(DATA EXTRACTS Opens)

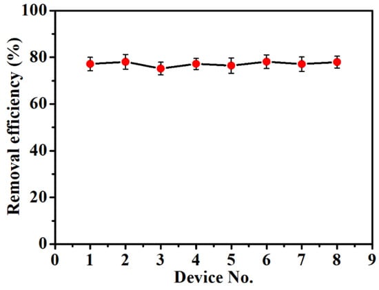 To explore the practical application of the HAMA hydrogel-modified electrochemical device, adsorption experiments were performed in a solution of tap water with 400 µg/L Pb(II). Each device was immersed in the test solution for 20 min, during which the electrochemical accumulation was activated. As shown in Figure 9, all the devices exhibited comparable Pb(II) removal capabilities with an average removal efficiency of 77.2%. The relative standard deviation (RSD) among the eight devices was calculated to be as low as 1.28%, demonstrating good repeatability and reproducibility of the devices. These experimental results reveal that the HAMA hydrogel-functionalized electrochemical device has great potential for deployment at a variety of locations for in situ removal of Pb(II) ions. It is worth mentioning that the water quality conditions (such as pH value, quantity of suspended particulates, other heavy metal ions, etc.) at the locations of interest could affect the adsorption performance of the HAMA hydrogel-modified electrochemical device. Therefore, it is recommended to conduct some preliminary experiments in some specific areas before the large-scale deployment of the devices.
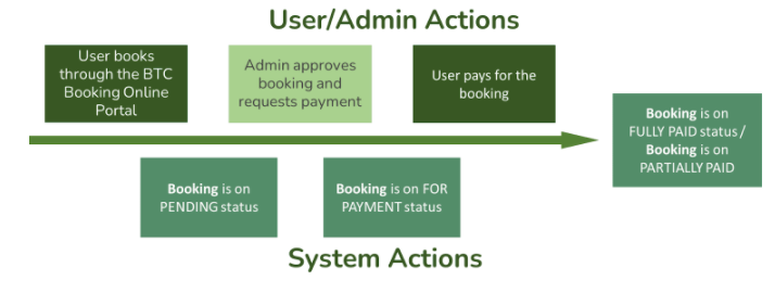 1. The process starts with the user/client booking through the BTC Booking Online Portal. The user/client provides the specifics of the booking and reserves a unit.
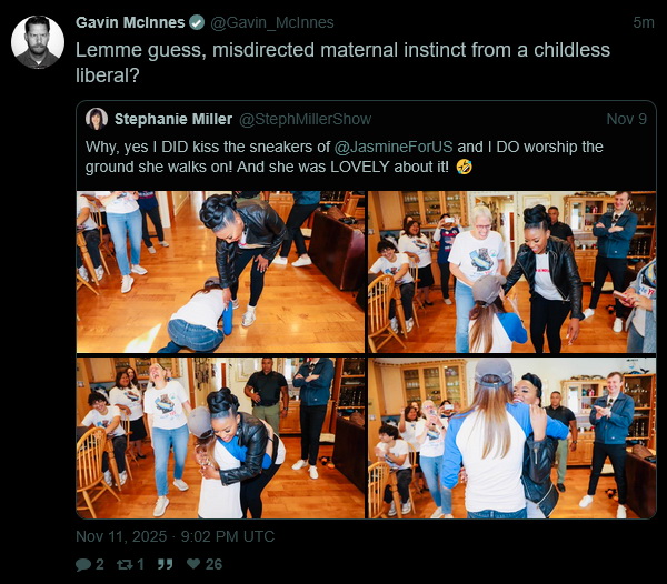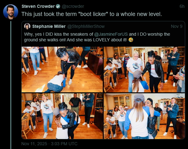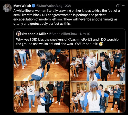 Matt Walsh: „Egy liberális fehér nő szó szerint térden csúszik, hogy megcsókolja egy félanalfabéta fekete DEI-képviselőnő lábait, ez a modern baloldaliság talán tökéletes betokozódása. Sohasem lesz egy másik ilyen teljesen és groteszken tökéletes kép, mint ez.” Stephanie Miller: „Miért, IGENIS megcsókoltam Jasmine edzőcipőit, és imádom a földet, amelyen járkál! És nagyon kedves volt miatta!”
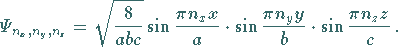 Die Eigenfunktionen verschwinden an den Wänden, weil eine der drei Sinusfunktionen
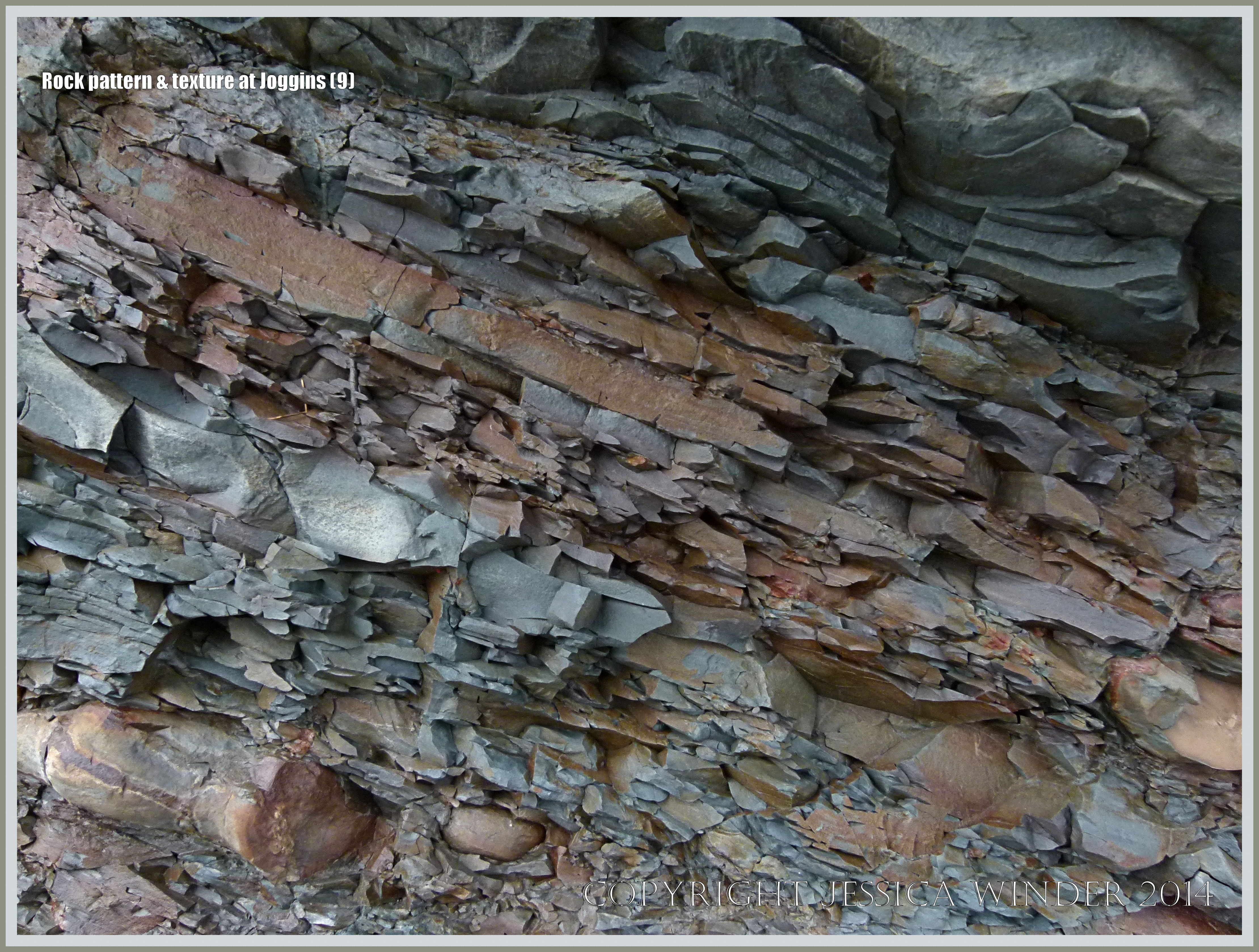 Rock Pattern & Texture at Joggins 9 – Detail of the natural pattern and texture of Upper Carboniferous Period sedimentary rock strata at Joggins Fossil Cliffs the Nova Scotia shore of the Bay of Fundy in Canada.
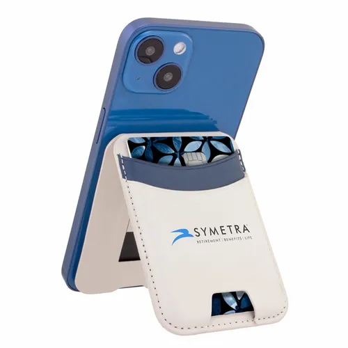 Magnetically connect to a phone and keep cards close and quickly accessible when busy business teams are on the go. With two card slots, there's more to store. Plus, it is designed to open up to provide a convenient way to prop up a phone on desktops or any countertop.
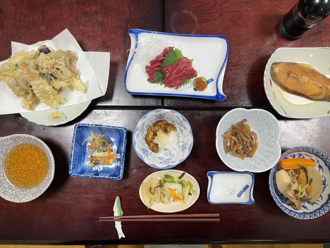 小柄で元気な女将さんがつくる、季節の地のものを中心とした、ほっとする料理が並びます。
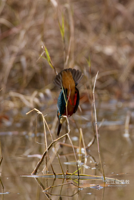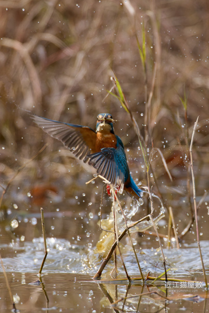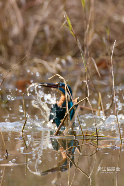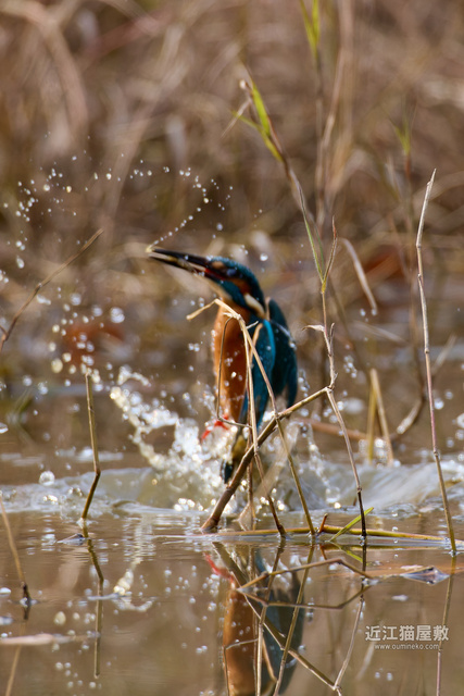 残念ながらこの後に、数コマフレームからカワセミが外れてデフォーカス状態になって飛び込みはボケボケでした。
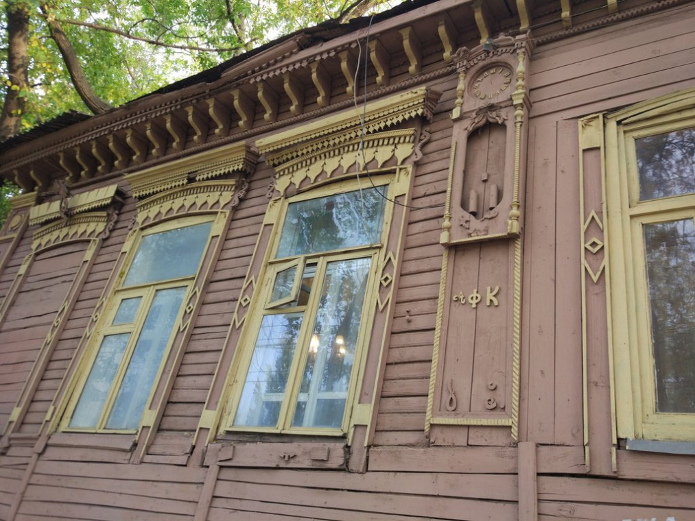 В простенке на фасаде дома на Коммунистической, 5 мы видим деревянные «остановившиеся» часы-ходики с гирьками в изящном резном футляре и с вензелем «АФК» – Андрей Фролович Кожевников.
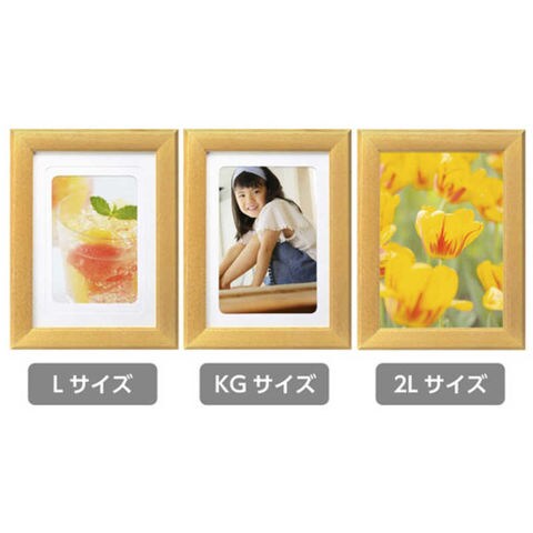 3サイズの写真に対応可能な木製カラーフレーム。2Lサイズの写真の他に、付属のマット紙を使えばLサイズやKG(ハガキ)サイズにも対応します。
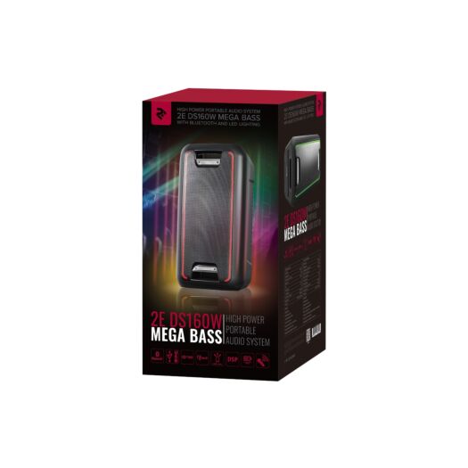 Більше ніж звичайна колонка! 2E DS160W Mega Bass сподобається поціновувачам яскравих та вражаючих вечірок. Сумарна потужність чотирьох динаміків становить 160 Вт, але якщо цього замало, просто натисніть кнопку Mega Bass.
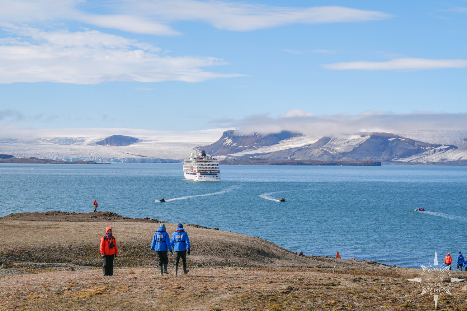 Ich beziehe also meine Position und lasse den Blick über die Bucht schweifen. Von der Ladestelle geht es einen gleichmäßigen Anstieg hinauf auf eine etwa 100 m hohe Seitenmoräne. Wir haben den Weg, dem gefolgt werden soll, genau mit Flaggen markiert, den der Boden ist hier sehr feucht und schlammig. Das bedeutet, er könnte großen Schaden nehmen, wenn er von 100 Paar Gummistiefeln bearbeitet wird. Daher haben wir einen Pfad angelegt, der hauptsächlich über Geröll und Gestein verläuft. Denn auch das gehört zu unseren Aufgaben hier auf Spitzbergen. Wir wollen unseren Gästen nicht nur die Schönheit der Natur zeigen, sondern diese zugleich auch so gut wir können schützen.
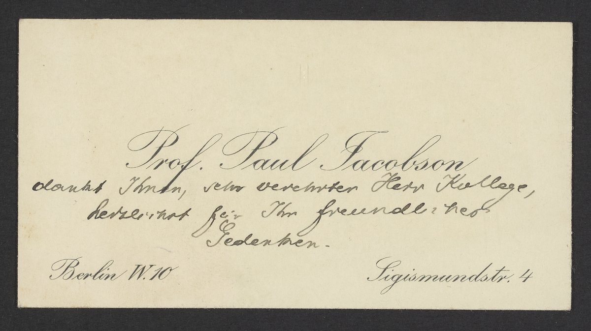 Jacobson, Paul. “Paul Jacobson's Personal Calling Card,” n.d. Papers of Georg and Max Bredig, Box 3, Folder 18. Science History Institute. Philadelphia. https://digital.sciencehistory.org/works/lxhksq0.
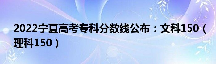大家好,乐儿来为大家解答以下问题,2022宁夏高考专科分数线公布:文科150,理科150很多人还不知道,现在让我们一起来看看吧!
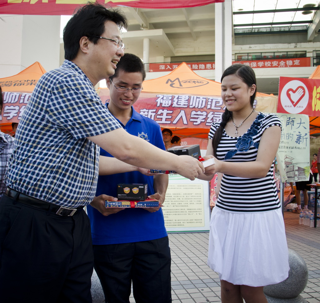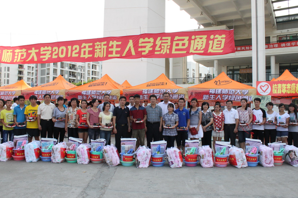 今年,学校在旗山、仓山校区分别设立了3个家庭经济困难学生“绿色通道”,提供缓交学费的登记、发放爱心卡、助学贷款咨询、医保咨询、心理健康咨询等服务。至9月8日下午5点,共为448名家庭经济困难新生提供了“绿色通道”服务,缓交学费总计263万余元。学校还专门制定了“特困新生关爱计划”, 即“十个一”工程:一份300元现金生活补助、一份社会助学金、一份国家助学金、一个价值200元的生活用品爱心包、一本励志书、一名作为大学学习生活联系人的高年级优秀学生干部、一个勤工助学岗位、一套军训服装、一部免费手机(含200元话费)、一份免费医保。当天下午,黄汉升校长等领导到“绿色通道”现场慰问了家庭经济困难新生,并为27名特困新生颁发了生活补助、爱心大礼包等物品,让他们刚入学就感受到学校的温馨。
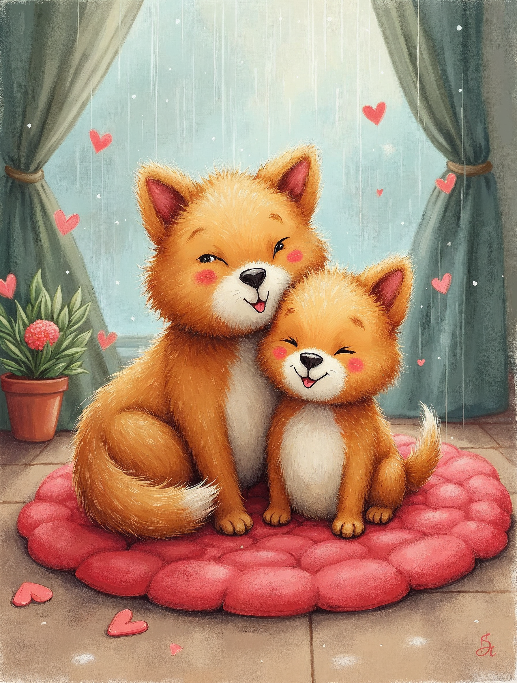 adorable animals, animal love, animals, cartoon animals, cozy room, cuddling foxes, cute fox, digital art, floating hearts, fluffy fox, fox couple, fox pups, foxes, heart rain, hugging foxes, illustration, kawaii fox, orange fox, pink hearts, potted plant, rainy window, red rug, sheer curtains, window view, fox

(DATA EXTRACTS Closes)

What you return should match the entries word for word, pictures aside.

RESULT —
 To explore the practical application of the HAMA hydrogel-modified electrochemical device, adsorption experiments were performed in a solution of tap water with 400 µg/L Pb(II). Each device was immersed in the test solution for 20 min, during which the electrochemical accumulation was activated. As shown in Figure 9, all the devices exhibited comparable Pb(II) removal capabilities with an average removal efficiency of 77.2%. The relative standard deviation (RSD) among the eight devices was calculated to be as low as 1.28%, demonstrating good repeatability and reproducibility of the devices. These experimental results reveal that the HAMA hydrogel-functionalized electrochemical device has great potential for deployment at a variety of locations for in situ removal of Pb(II) ions. It is worth mentioning that the water quality conditions (such as pH value, quantity of suspended particulates, other heavy metal ions, etc.) at the locations of interest could affect the adsorption performance of the HAMA hydrogel-modified electrochemical device. Therefore, it is recommended to conduct some preliminary experiments in some specific areas before the large-scale deployment of the devices.
 1. The process starts with the user/client booking through the BTC Booking Online Portal. The user/client provides the specifics of the booking and reserves a unit.
 Matt Walsh: „Egy liberális fehér nő szó szerint térden csúszik, hogy megcsókolja egy félanalfabéta fekete DEI-képviselőnő lábait, ez a modern baloldaliság talán tökéletes betokozódása. Sohasem lesz egy másik ilyen teljesen és groteszken tökéletes kép, mint ez.” Stephanie Miller: „Miért, IGENIS megcsókoltam Jasmine edzőcipőit, és imádom a földet, amelyen járkál! És nagyon kedves volt miatta!”
 Die Eigenfunktionen verschwinden an den Wänden, weil eine der drei Sinusfunktionen
 Rock Pattern & Texture at Joggins 9 – Detail of the natural pattern and texture of Upper Carboniferous Period sedimentary rock strata at Joggins Fossil Cliffs the Nova Scotia shore of the Bay of Fundy in Canada.
 Magnetically connect to a phone and keep cards close and quickly accessible when busy business teams are on the go. With two card slots, there's more to store. Plus, it is designed to open up to provide a convenient way to prop up a phone on desktops or any countertop.
 小柄で元気な女将さんがつくる、季節の地のものを中心とした、ほっとする料理が並びます。
 残念ながらこの後に、数コマフレームからカワセミが外れてデフォーカス状態になって飛び込みはボケボケでした。
 В простенке на фасаде дома на Коммунистической, 5 мы видим деревянные «остановившиеся» часы-ходики с гирьками в изящном резном футляре и с вензелем «АФК» – Андрей Фролович Кожевников.
 3サイズの写真に対応可能な木製カラーフレーム。2Lサイズの写真の他に、付属のマット紙を使えばLサイズやKG(ハガキ)サイズにも対応します。
 Більше ніж звичайна колонка! 2E DS160W Mega Bass сподобається поціновувачам яскравих та вражаючих вечірок. Сумарна потужність чотирьох динаміків становить 160 Вт, але якщо цього замало, просто натисніть кнопку Mega Bass.
 Ich beziehe also meine Position und lasse den Blick über die Bucht schweifen. Von der Ladestelle geht es einen gleichmäßigen Anstieg hinauf auf eine etwa 100 m hohe Seitenmoräne. Wir haben den Weg, dem gefolgt werden soll, genau mit Flaggen markiert, den der Boden ist hier sehr feucht und schlammig. Das bedeutet, er könnte großen Schaden nehmen, wenn er von 100 Paar Gummistiefeln bearbeitet wird. Daher haben wir einen Pfad angelegt, der hauptsächlich über Geröll und Gestein verläuft. Denn auch das gehört zu unseren Aufgaben hier auf Spitzbergen. Wir wollen unseren Gästen nicht nur die Schönheit der Natur zeigen, sondern diese zugleich auch so gut wir können schützen.
 Jacobson, Paul. “Paul Jacobson's Personal Calling Card,” n.d. Papers of Georg and Max Bredig, Box 3, Folder 18. Science History Institute. Philadelphia. https://digital.sciencehistory.org/works/lxhksq0.
大家好,乐儿来为大家解答以下问题,2022宁夏高考专科分数线公布:文科150,理科150很多人还不知道,现在让我们一起来看看吧!
 今年,学校在旗山、仓山校区分别设立了3个家庭经济困难学生“绿色通道”,提供缓交学费的登记、发放爱心卡、助学贷款咨询、医保咨询、心理健康咨询等服务。至9月8日下午5点,共为448名家庭经济困难新生提供了“绿色通道”服务,缓交学费总计263万余元。学校还专门制定了“特困新生关爱计划”, 即“十个一”工程:一份300元现金生活补助、一份社会助学金、一份国家助学金、一个价值200元的生活用品爱心包、一本励志书、一名作为大学学习生活联系人的高年级优秀学生干部、一个勤工助学岗位、一套军训服装、一部免费手机(含200元话费)、一份免费医保。当天下午,黄汉升校长等领导到“绿色通道”现场慰问了家庭经济困难新生,并为27名特困新生颁发了生活补助、爱心大礼包等物品,让他们刚入学就感受到学校的温馨。
 adorable animals, animal love, animals, cartoon animals, cozy room, cuddling foxes, cute fox, digital art, floating hearts, fluffy fox, fox couple, fox pups, foxes, heart rain, hugging foxes, illustration, kawaii fox, orange fox, pink hearts, potted plant, rainy window, red rug, sheer curtains, window view, fox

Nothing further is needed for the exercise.